A. Distribution of IRS across the Upper East, Upper West, and Northern Regions of Ghana, West Africa between 2012 to 2016. Highlighted in light red are the IRS programmes funded by the Global Fund in partnership with the AGAMal (Upper East and Upper West Regions) and in dark red are those funded by PMI/AIRS (Northern Region). Districts where no shading is indicated, denote no ongoing IRS programmes during the study time period. Bongo District, where the current study took place, is denoted by the black hashed lines. The thick black lines are used to signify borders between Ghana and Burkina Faso (light grey) to the north, and Ghana and Togo (light grey) to the west. This map was drawn in R using the rnaturalearth package (https://github.com/ropensci/rnaturalearth) and data from Natural Earth (http://www.naturalearthdata.com/) under a CC0 license, with district-level data from the Malaria Atlas (https://github.com/malaria-atlas-project/malariaAtlas) available in an open-access repository.

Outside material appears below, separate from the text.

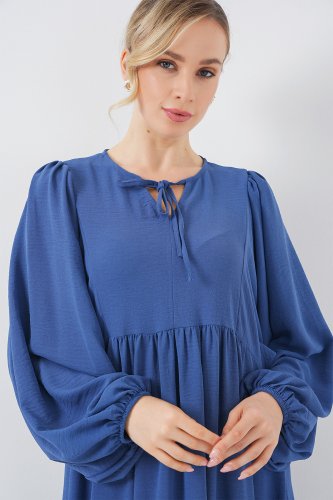Balon Kol Uzun Tesettür Elbise 2464 Saks

B. Four age-stratified cross-sectional surveys (N = ~2,000) were conducted in Bongo at the end of the wet (blue circles) and the end of the dry seasons (gold circles) between October 2012—June 2016. The study design can be broken down into two study phases: (1) Pre-IRS: two surveys prior to the introduction of IRS (Survey 1 October 2012 (S1); Survey 2 May/June 2013(S2)); and (2) Post-IRS: two surveys following three-rounds of IRS (Survey 3 October 2015 (S3); Survey 4 May/June 2016 (S4)). The three-rounds of IRS were implemented between 2013–2015 as indicated with grey shading: Round 1 (R1: October 2013 –January 2014, Vectoguard 40WP), Round 2 (R2: May–July 2014, Actellic 50EC), and Round 3 (R3: December 2014 –February 2015, Actellic 300C). LLINs were mass distributed in Bongo District using universal coverage campaigns between 2010–2012 and again in 2016 as indicated. The mosquitos are used to denote when the monthly entomology surveys were undertaken (February 2013 and September 2015).